WORK INSTRUCTIONS -> Please copy the lines below, exactly as they are, from the one with "Hier werden kleine" through the one with "an exclusive touch.", and leave out the pictures.

RECORDED INFORMATION ->
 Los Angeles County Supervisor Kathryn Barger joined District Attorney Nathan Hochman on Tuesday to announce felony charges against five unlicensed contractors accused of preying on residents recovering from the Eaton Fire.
---
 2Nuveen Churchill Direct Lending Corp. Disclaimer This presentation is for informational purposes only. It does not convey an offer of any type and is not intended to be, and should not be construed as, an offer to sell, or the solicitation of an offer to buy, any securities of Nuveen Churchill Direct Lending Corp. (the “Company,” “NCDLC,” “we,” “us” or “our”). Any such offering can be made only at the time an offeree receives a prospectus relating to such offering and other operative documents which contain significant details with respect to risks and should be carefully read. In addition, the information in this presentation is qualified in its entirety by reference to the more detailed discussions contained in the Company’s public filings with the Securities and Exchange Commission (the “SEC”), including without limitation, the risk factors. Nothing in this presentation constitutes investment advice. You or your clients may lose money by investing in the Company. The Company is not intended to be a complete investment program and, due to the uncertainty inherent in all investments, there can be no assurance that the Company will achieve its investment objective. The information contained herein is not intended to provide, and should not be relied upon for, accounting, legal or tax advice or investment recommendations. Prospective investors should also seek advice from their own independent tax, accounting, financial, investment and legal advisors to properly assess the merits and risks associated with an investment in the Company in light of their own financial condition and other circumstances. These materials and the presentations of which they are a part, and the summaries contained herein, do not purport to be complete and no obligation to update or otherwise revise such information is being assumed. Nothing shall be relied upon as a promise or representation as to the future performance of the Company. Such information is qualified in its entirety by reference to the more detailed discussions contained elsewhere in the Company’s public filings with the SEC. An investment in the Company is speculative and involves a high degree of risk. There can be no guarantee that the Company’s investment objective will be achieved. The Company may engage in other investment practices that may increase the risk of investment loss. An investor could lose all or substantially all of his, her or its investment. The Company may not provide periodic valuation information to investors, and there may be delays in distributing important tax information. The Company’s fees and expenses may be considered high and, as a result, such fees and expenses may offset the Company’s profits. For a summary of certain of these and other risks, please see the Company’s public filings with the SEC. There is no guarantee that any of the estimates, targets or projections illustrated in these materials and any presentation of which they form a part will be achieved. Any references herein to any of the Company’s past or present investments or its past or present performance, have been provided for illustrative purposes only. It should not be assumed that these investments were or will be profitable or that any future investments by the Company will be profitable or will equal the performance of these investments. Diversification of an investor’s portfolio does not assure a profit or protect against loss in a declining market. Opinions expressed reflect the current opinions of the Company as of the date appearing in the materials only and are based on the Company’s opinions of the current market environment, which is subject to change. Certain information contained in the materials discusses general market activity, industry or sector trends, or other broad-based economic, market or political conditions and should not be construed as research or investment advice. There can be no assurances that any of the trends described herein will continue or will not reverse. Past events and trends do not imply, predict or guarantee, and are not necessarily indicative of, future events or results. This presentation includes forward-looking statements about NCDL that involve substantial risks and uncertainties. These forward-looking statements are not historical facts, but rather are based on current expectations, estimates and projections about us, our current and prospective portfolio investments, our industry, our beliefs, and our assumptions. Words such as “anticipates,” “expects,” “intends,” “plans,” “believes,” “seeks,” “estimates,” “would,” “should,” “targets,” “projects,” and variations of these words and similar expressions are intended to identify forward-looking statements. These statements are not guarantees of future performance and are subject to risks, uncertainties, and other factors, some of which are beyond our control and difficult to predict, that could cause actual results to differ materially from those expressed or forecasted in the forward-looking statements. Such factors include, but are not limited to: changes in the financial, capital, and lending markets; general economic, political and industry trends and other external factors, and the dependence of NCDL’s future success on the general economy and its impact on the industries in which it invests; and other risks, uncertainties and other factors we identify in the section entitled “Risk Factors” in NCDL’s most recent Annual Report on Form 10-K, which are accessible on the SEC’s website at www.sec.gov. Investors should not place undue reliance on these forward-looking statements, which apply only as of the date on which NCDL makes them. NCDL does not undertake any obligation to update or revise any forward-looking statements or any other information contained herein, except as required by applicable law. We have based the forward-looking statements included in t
...
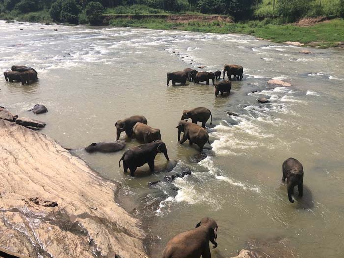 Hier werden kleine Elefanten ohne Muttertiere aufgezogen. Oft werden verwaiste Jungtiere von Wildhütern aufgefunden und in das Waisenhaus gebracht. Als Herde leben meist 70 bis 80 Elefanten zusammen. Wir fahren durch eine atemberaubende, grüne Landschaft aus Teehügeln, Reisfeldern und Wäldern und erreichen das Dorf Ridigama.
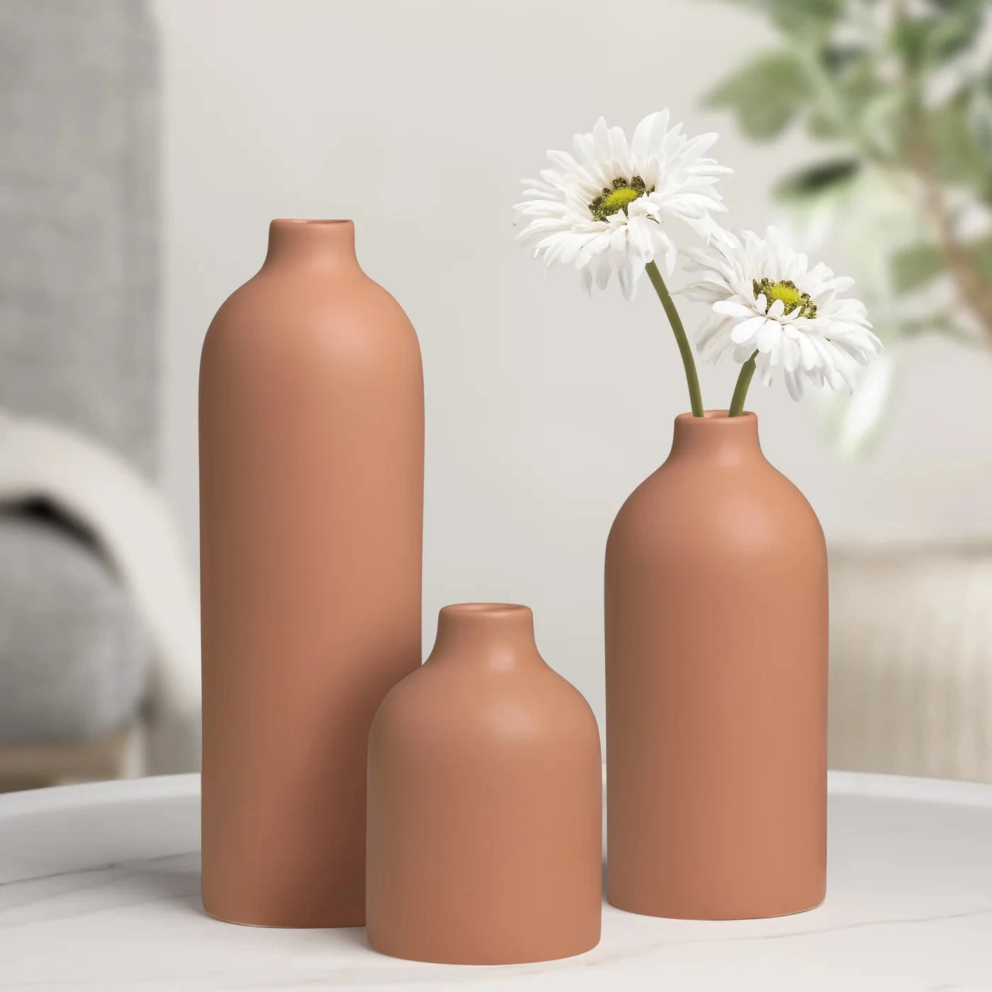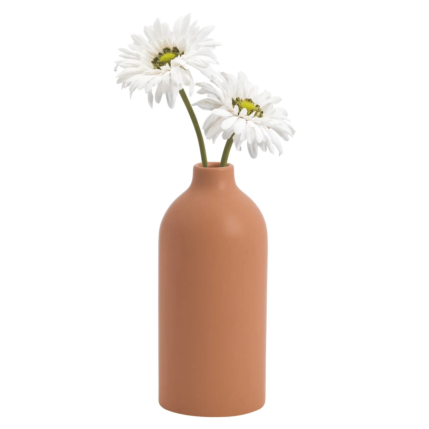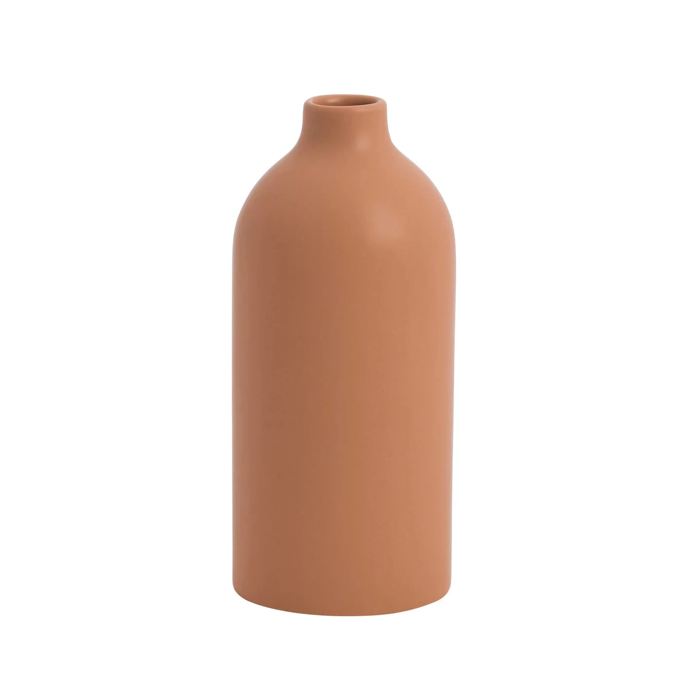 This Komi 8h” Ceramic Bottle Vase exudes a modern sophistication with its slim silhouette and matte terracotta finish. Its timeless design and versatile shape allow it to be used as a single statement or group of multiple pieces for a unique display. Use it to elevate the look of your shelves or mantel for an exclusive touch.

YOUR SOLUTION ->
 Hier werden kleine Elefanten ohne Muttertiere aufgezogen. Oft werden verwaiste Jungtiere von Wildhütern aufgefunden und in das Waisenhaus gebracht. Als Herde leben meist 70 bis 80 Elefanten zusammen. Wir fahren durch eine atemberaubende, grüne Landschaft aus Teehügeln, Reisfeldern und Wäldern und erreichen das Dorf Ridigama.
 This Komi 8h” Ceramic Bottle Vase exudes a modern sophistication with its slim silhouette and matte terracotta finish. Its timeless design and versatile shape allow it to be used as a single statement or group of multiple pieces for a unique display. Use it to elevate the look of your shelves or mantel for an exclusive touch.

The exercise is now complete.